# Take cat with me overseas?



## tanktronic (Jun 9, 2011)

I have a 14 year old cat, who I have lived with for the past 10+ years. He is ridiculously attached to me - waiting at the door every day after work, then he literally is on top of me within seconds whenever I sit or lay down. He insists on spooning with me at night, and if I turn over in bed, he gets up and jumps over me so I'll still be facing him 

So, I have to move to France for my job. I have been traveling a lot in the past year, and he has stayed at my parents' house when I travel. They worship him, and they're home all day [which he must like]. But he would never go longer than 6 weeks without seeing me and coming home. 

The question is : is it more traumatic to him to move to my parents' house and wonder what happened to me, his 10 year owner.... or to go on an all-day trip including an 8-hour flight? I would take him in the passenger cabin, of course, but he's never flown before. 

Thoughts? I'm torn.


----------



## jadine (Jun 20, 2011)

Take him with you! You will need his companionship just as much as he needs you.

Also, yes definitely take him in the cabin.


----------



## Nan (Oct 11, 2010)

Leave him at your parents (providing they love him too). The move would be scary for him and I'm pretty sure he'd have to be in quaranteen when he comes home.

Assuming you are in the US, check out import/export restrictions for animals first.


----------



## Jess041 (Jul 6, 2009)

Definitely check the import/export restrictions and regulations. I wouldn't do it if it required the cat to be quarantined, but it doesn't look like he will if it's coming from the US.

Personally, I would bring my cat with me. Even if it's 14, if it's in good health I think it would be fine. And definitely have him with you in the cabin. It's really up to you. If he would be happy living out his years with your parents, then leave him.
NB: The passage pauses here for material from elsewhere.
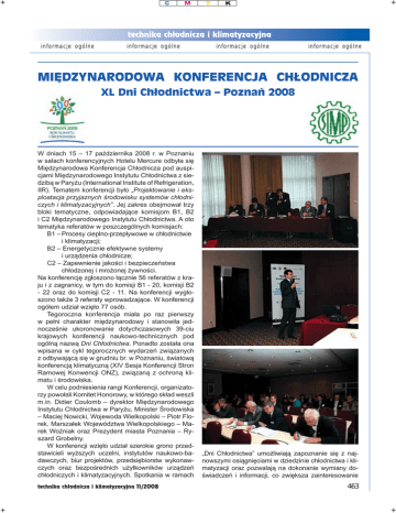 informacje ogólne informacje ogólne informacje ogólne informacje ogólne MIĘDZYNARODOWA KONFERENCJA CHŁODNICZA XL Dni Chłodnictwa – Poznań 2008 W dniach 15 – 17 października 2008 r. w Poznaniu w salach konferencyjnych Hotelu Mercure odbyła się Międzynarodowa Konferencja Chłodnicza pod auspicjami Międzynarodowego Instytutu Chłodnictwa z siedzibą w Paryżu (International Institute of Refrigeration, IIR). Tematem konferencji było „Projektowanie i eksploatacja przyjaznych środowisku systemów chłodniczych i klimatyzacyjnych”. Jej zakres obejmował trzy bloki tematyczne, odpowiadające komisjom B1, B2 i C2 Międzynarodowego Instytutu Chłodnictwa. A oto tematyka referatów w poszczególnych komisjach: B1 – Procesy cieplno-przepływowe w chłodnictwie i klimatyzacji; B2 – Energetycznie efektywne systemy i urządzenia chłodnicze; C2 – Zapewnienie jakości i bezpieczeństwa chłodzonej i mrożonej żywności. Na konferencję zgłoszono łącznie 56 referatów z kraju i z zagranicy, w tym do komisji B1 - 20, komisji B2 - 22 oraz do komisji C2 - 11. Na konferencji wygłoszono także 3 referaty wprowadzające. W konferencji ogółem udział wzięło 77 osób. Tegoroczna konferencja miała po raz pierwszy w pełni charakter międzynarodowy i stanowiła jednocześnie ukoronowanie dotychczasowych 39-ciu krajowych konferencji naukowo-technicznych pod ogólną nazwą Dni Chłodnictwa. Ponadto została ona wpisana w cykl tegorocznych wydarzeń związanych z odbywającą się w grudniu br. w Poznaniu, światową konferencją klimatyczną (XIV Sesja Konferencji Stron Ramowej Konwencji ONZ), związaną z ochroną klimatu i środowiska. W celu podniesienia rangi Konferencji, organizatorzy powołali Komitet Honorowy, w którego skład weszli m.in. Didier Coulomb – dyrektor Międzynarodowego Instytutu Chłodnictwa w Paryżu, Minister Środowiska – Maciej Nowicki, Wojewoda Wielkopolski – Piotr Florek, Marszałek Województwa Wielkopolskiego – Marek Woźniak oraz Prezydent miasta Poznania – Ryszard Grobelny. W konferencji wzięło udział szerokie grono przedstawicieli wyższych uczelni, instytutów naukowo-badawczych, biur projektów, przedsiębiorstw wykonawczych oraz bezpośrednich użytkowników urządzeń chłodniczych i klimatyzacyjnych. Spotkania w ramach technika chłodnicza i klimatyzacyjna 11/2008 „Dni Chłodnictwa” umożliwiają zapoznanie się z najnowszymi osiągnięciami w dziedzinie chłodnictwa i klimatyzacji oraz pozwalają na dokonanie wymiany doświadczeń i informacji, co zwiększa zainteresowanie 463 informacje ogólne informacje ogólne konferencją i ma również wpływ na jej wysoką rangę. W organizowanych od 1966 roku, łącznie już 40 konferencjach wzięło udział blisko 3790 osób, w tym 118 z zagranicy. W trakcie ich trwania wygłoszono 640 referatów o charakterze naukowym i naukowo-technicznym, w tym 84 zagraniczne z 18-tu krajów. Na konferencjach byli obecni przedstawiciele wyższych uczelni technicznych w Polsce, w tym m.in. Politechnik Gdańskiej, Koszalińskiej, Krakowskiej, Łódzkiej, Poznańskiej, Szczecińskiej, Rzeszowskiej, Śląskiej, Warszawskiej, Wrocławskiej, Akademii Górniczo-Hutniczej w Krakowie oraz takich instytucji m.in. jak Centralnego Ośrodka Chłodnictwa w Krakowie, Instytutu Maszyn Przepływowych PAN w Gdańsku, Centralnego Laboratorium Chłodnictwa w Łodzi oraz takich firm jak np. Wytwórnia Urządzeń Chłodniczych w Dębicy, Mostostal Wrocław i wielu innych. Znaczna część referatów wygłoszonych w ramach „Dni Chłodnictwa” była opublikowana w miesięcznikach „Chłodnictwo”, „Chłodnictwo & Klimatyzacja” oraz „Technika Chłodnicza i Klimatyzacyjna”. Głównymi organizatorami tegorocznej, międzynarodowej konferencji były Sekcja Chłodnictwa i Klimatyzacji przy Oddziale SIMP w Poznaniu oraz firma Systherm Chłodnictwo i Klimatyzacja Sp. z o.o., a jej współorganizatorami - Instytuty: Inżynierii Środowiska oraz Maszyn Roboczych i Pojazdów Samochodowych Politechniki Poznańskiej, Centralne Laboratorium Chłodnictwa w Łodzi, Katedra Zarządzania Jakością Żywności Uniwersytetu Przyrodniczego w Poznaniu oraz Krajowe Forum Chłodnictwa w Warszawie. 464 informacje ogólne informacje ogólne Funkcje przewodniczących poszczególnych komisji pełnili: B1 – prof. dr hab. inż. Edward Szczechotechnika chłodnicza i klimatyzacyjna 11/2008 informacje ogólne informacje ogólne informacje ogólne informacje ogólne do browaru Kompanii Piwowarskiej „LECH” zakończona degustacją piwa w firmowym pubie. Ostatniego dnia konferencji odbyła się wycieczka autokarowa „Szlakiem Piastowskim” do Biskupina, najbardziej znanego w Europie Środkowej rezerwatu archeologicznego oraz do Gniezna, pierwszej stolicy Polski. Konferencji patronowali: czasopisma branżowe „Chłodnictwo & Klimatyzacja”, „Technika Chłodnicza i Klimatyzacyjna” i „Chłodnictwo” oraz portale inter- wiak z Politechniki Poznańskiej, B2 – prof. dr hab. inż. Wiesław Zwierzycki z Politechniki Poznańskiej oraz C2 – prof. dr hab. Jacek Kijowski z Uniwersytetu Przyrodniczego w Poznaniu. Językami konferencji były język polski i angielski. Wszystkie prezentowane referaty wygłaszane w języku polskim tłumaczono symultanicznie na język angielski i odwrotnie. Konferencja była dofinansowana przez Ministerstwo Nauki i Szkolnictwa Wyższego. Uzupełnieniem części merytorycznej konferencji były zajęcia towarzyszące, przeznaczone dla wszystkich uczestników. Pierwszego dnia organizatorzy zaprosili uczestników konferencji na uroczystą kolację do restauracji „Pod Pretekstem”, mieszczącej się w murach Zamku Cesarskiego w Poznaniu. Drugiego dnia w godzinach popołudniowych odbył się spacer po Starym Mieście w Poznaniu, a wieczorem wycieczka netowe www.wentylacja.com.pl, www.klimatyzacja.pl i www.EER.pl. Wszystkich zainteresowanych, którzy nie mogli wziąć udziału w konferencji zachęcamy do za

But if you think he would do better with you, even if it involves a long journey, take him!


----------



## Dave_ph (Jul 7, 2009)

Google 'CAT AIRLINE MORTALITY' and see if you want to take the chance


----------



## Miss Callie Kitty (Jun 12, 2011)

I would not recommend it...as the poster above mentions....mortality rates are high and it is not just from travelling conditions.

That said...I have no idea on the health status of the cat nor his temperment under stressful conditions

If it was Callie Kitty/Marco Polo....I would say a hesitant yes if they are under 6 years....if it was any other cats or cats not as laid back as my two...I would say no.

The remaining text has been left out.